Sandy Pritchard-Gordon
Theatre Blog

Thursday 2 June 2016

The Threepenny Opera at The Olivier




Musicals aren’t really my thing but one with Rory Kinnear in the cast changes all that.  Simon Stephen’s new version of Bertolt Brecht and Kurt Weill ‘s The Threepenny Opera, based on John Gay’s Beggar’s Opera sees the great actor playing the leading role of Captain Mackheath, aka Mack the Knife or Mackie.

Full of bawdy humour and risqué language, Rufus Norris directs the large cast with aplomb and it is, for the most part, brilliantly entertaining.  Written as a political indictment on capitalism, this version of The Threepenny Opera doesn’t ram the politics down the throat, just highlights the lives lived by the irrepressible hoodlums who inhabit the less than salubrious areas of nineteen twenties London.

Mackheath, the anti-hero, is something of a ladies man as well as being a master criminal and violent leader of a gang of thieves.  Rory Kinnear isn’t the obvious choice for playing a villain who can get any woman he wants into bed, but he does fulfill the criteria laid down by Brecht who suggests that Mackheath should be a “short, stocky man of about 40”.  What Kinnear may lack in sexual magnetism, he more than makes up for in his acting and vocal ability and is the perfect unemotional psychopath.

There are plenty more noteworthy cast members, not least Nick Holder’s corrupt Peachum, another member of London’s criminal fraternity who runs the city’s beggars.  Horrified on discovering that the sinister Macheath has married his daughter, Polly, he is determined to wreak revenge.  The rotund and dandyish Holder is dressed as a grotesque, complete with heels and black wig, whilst his wife, Celia, a deliciously over the top Haydn Gwynne, is clad head to toe in a clingy red dress, the perfect vamp.  The vocals from Rosalie Craig as the sharp-witted and canny Polly, Debbie Kurup’s Lucy Brown, Polly’s main rival for Mackie’s affections and Sharon Small’s drug addicted prostitute, Jenny Diver are all spot on. 
Vicky Mortimer has designed a set within a set, comprising flimsy movable screens and scaffolding, easily demolished and depicting the insecure lives these poor unfortunates are forced to endure.  Their existence is neither cheery nor sunny.
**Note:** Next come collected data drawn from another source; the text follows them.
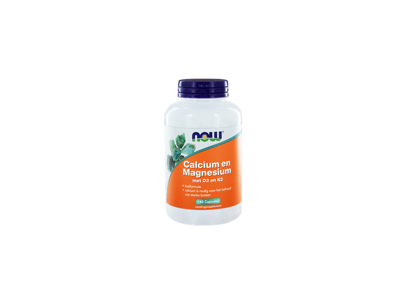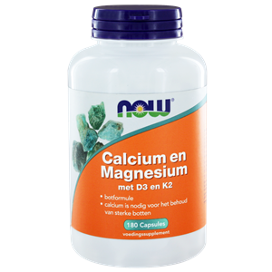 NOW Calcium en Magnesium met D3 en K2 is een mineralencombinatie in de 2:1 verhouding. Het product bevat naast de genoemde mineralen ook vitamine D3 en vitamine K2 als menachinon-4. Onder andere voor het behoud van sterke botten, goede spierwerking en een sterk gebit.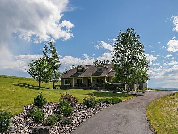 This exceptional home on a spacious cul-de-sac lot offers comfort and scenic views. The single-level layout includes two bedrooms, a large master, an office near a half bath, and an upstairs bonus room. The master bathroom is large and bright with in floor radiant heat and a remodeled shower . The enclosed sun porch, perfect for workouts, leads to the back deck which is wired for a hot tub. The kitchen features knotty alder cabinetry, an eating bar, a dining area, and a pleasant dining room. Additional amenities include hardwood floors, a gas fireplace, RV carport, and a circular driveway. The oversized 2 car garage allows for additional storage and work space. The landscaped yard boasts daffodils, peonies, bleeding hearts, and hostas. There is plenty of guest parking and a RV pull through carport space, . Watching storms roll in from the west is always a treat.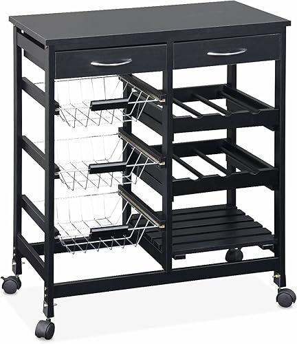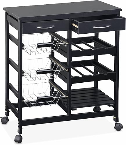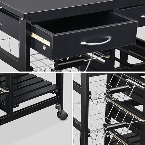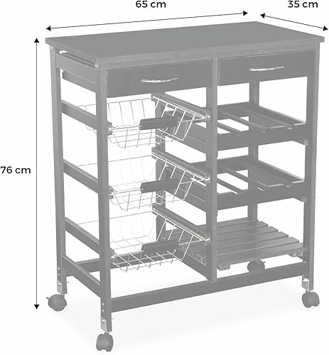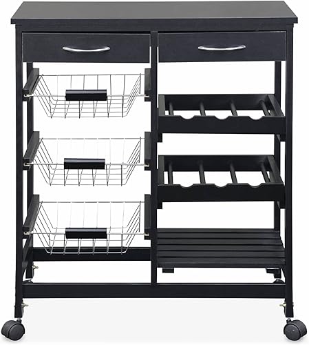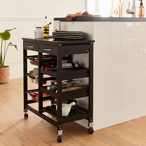 Alice's Home - Desserte de cuisine noire. chariot à roulettes - Charlotte - 2 tiroirs. 3 paniers. 2 étagères range bouteilles. 1 étagère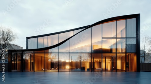 A photograph showcasing a modern building with sleek glass surfaces and flowing curves, embodying contemporary architecture and innovation in urban design.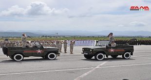 اللاذقية-سانا أقامت قيادة القوات الروسية العاملة في سورية اليوم احتفالا مركزيا في قاعدة حميميم باللاذقية بمناسبة عيد النصر على النازية في الحرب الوطنية العظمى وذلك بحضور منصور عزام وزير شؤون رئاسة الجمهورية. وتضمن الاحتفال عرضا عسكريا شاركت فيه وحدات عسكرية …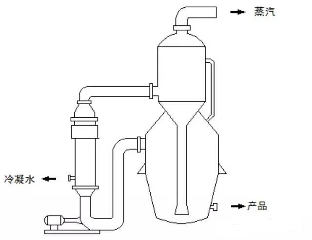 蒸發產生二次蒸汽從物料中溢出,物料被濃縮產生過飽和而使結晶生長,解除過飽和的物料進入強制循環泵,在循環泵作用下進入換熱器,物料如此循環不斷蒸發濃縮或濃縮結晶。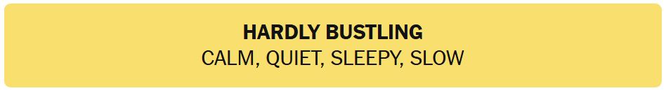 - HARDLY BUSTLING – CALM, QUIET, SLEEPY, SLOW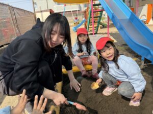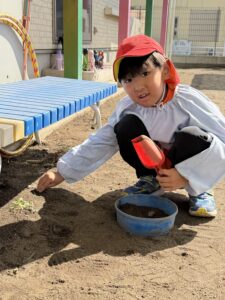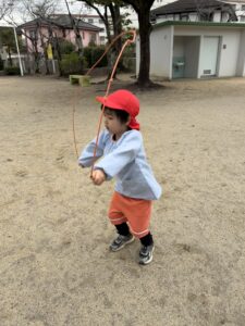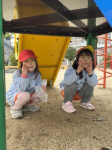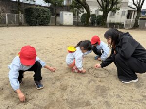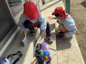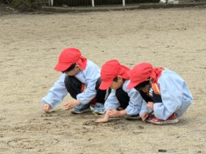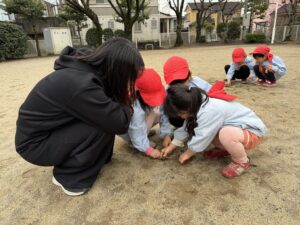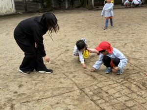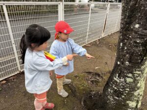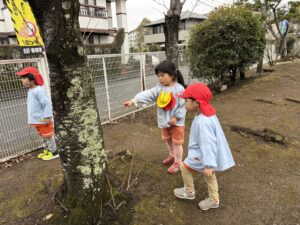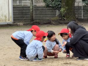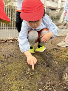 公園では、かけっこや大縄跳びに挑戦して元気いっぱいに体を動かしました。春の自然探しも大盛り上がりで、茂みを探検したり、木の幹をじっくり観察したり。「見て見て!綺麗な虫がいたよ!」と、目を輝かせながら自然の不思議に触れていました。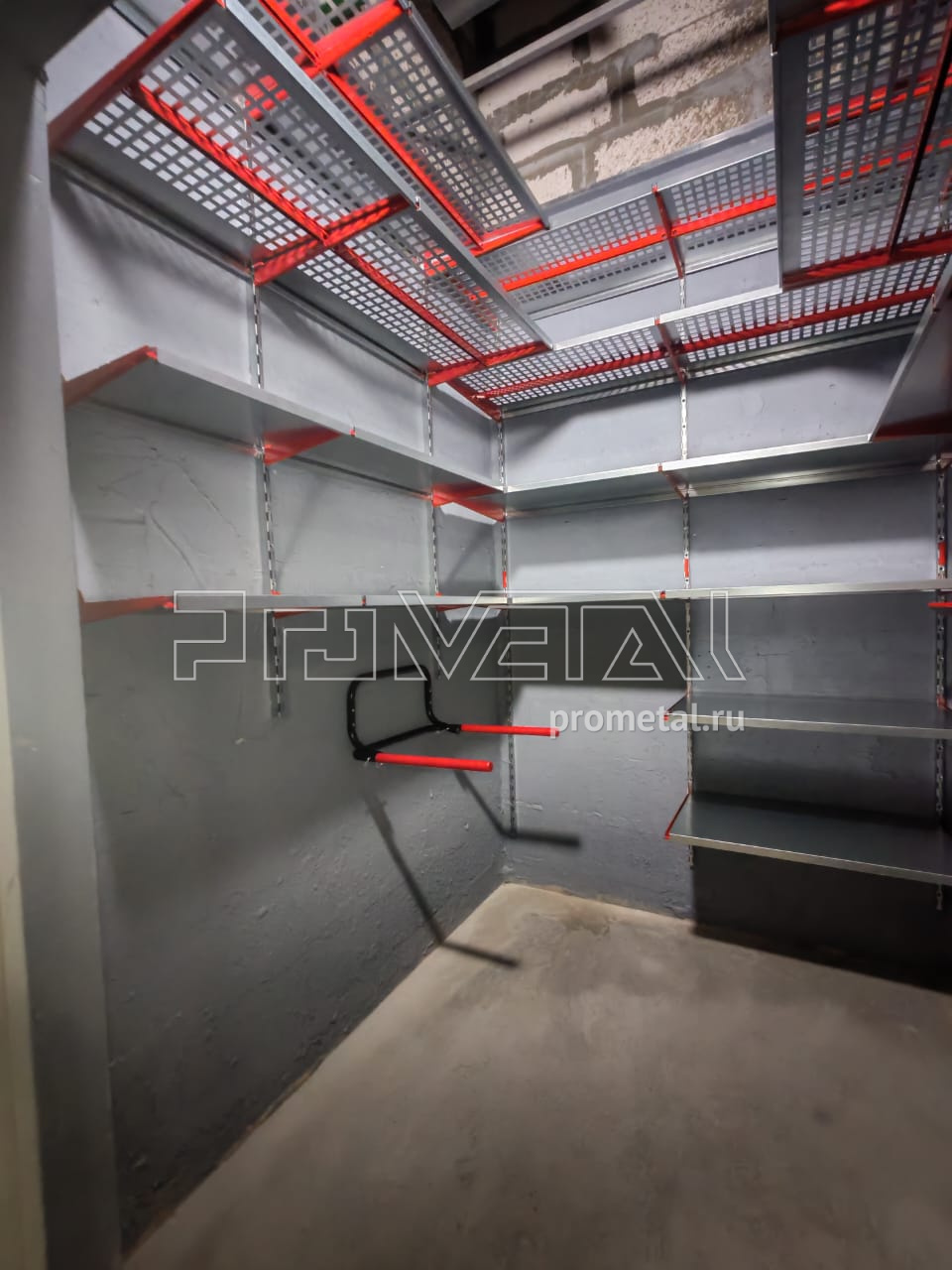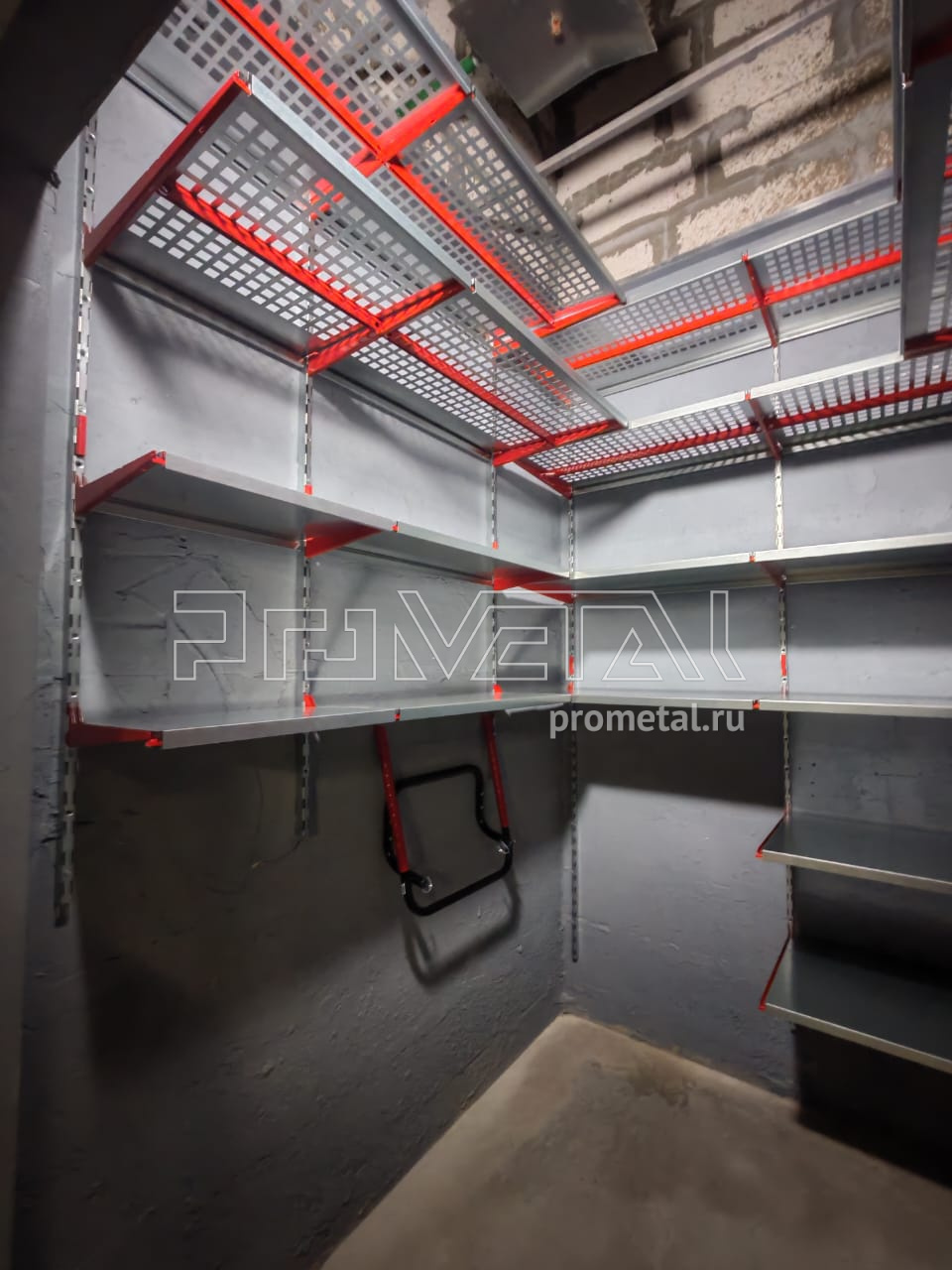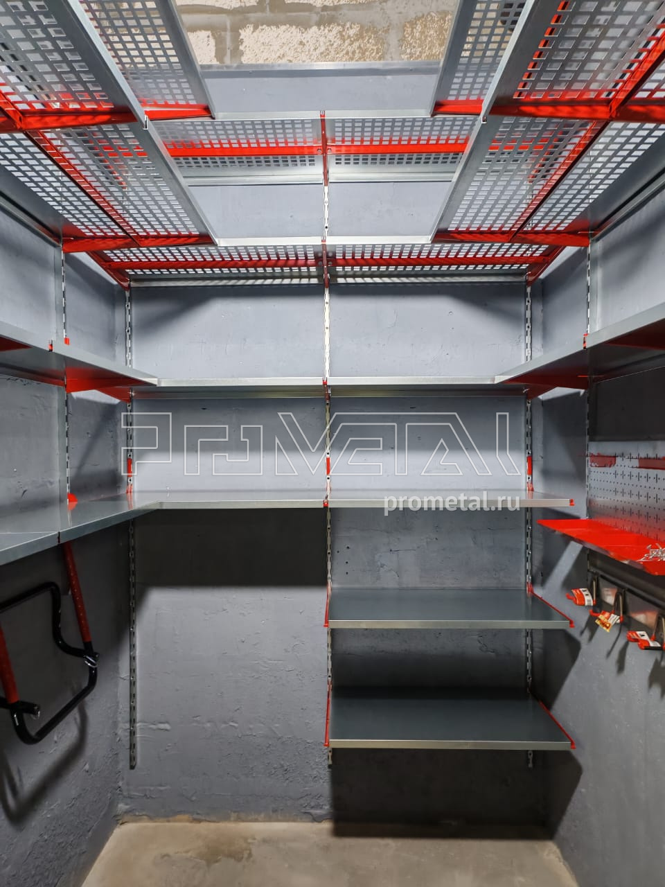 Выше головы и по центральной стене установили полки с перфорацией 520 мм, усилили рёбрами жёсткости. На уровне роста - более узкие полки, 315 мм, чтобы было комфортно находиться. Нижние ряды полок уже цельные.

That’s not to say that The Threepenny Opera is all doom and gloom.  There are many laughs in this vulgar satire that cocks a snook at various modern social ills, and the casting of the disabled and speech-impaired actor Jamie Beddard as Matthias, aka The Shadow is inspired. 

Whilst there were a couple of moments during Act I when I doubted my attention could be held for the entire play, Act II more than lived up to expectations.  Rufus Norris is onto a winner with this unusual and exuberant musical that mixes cabaret with jazz and delights and shocks in equal measure.  And let’s not forget Musical Director David Shrubsole, whose use of an eight-piece band, in action on stage rather than an orchestra pit ensures that the songs propel the action perfectly.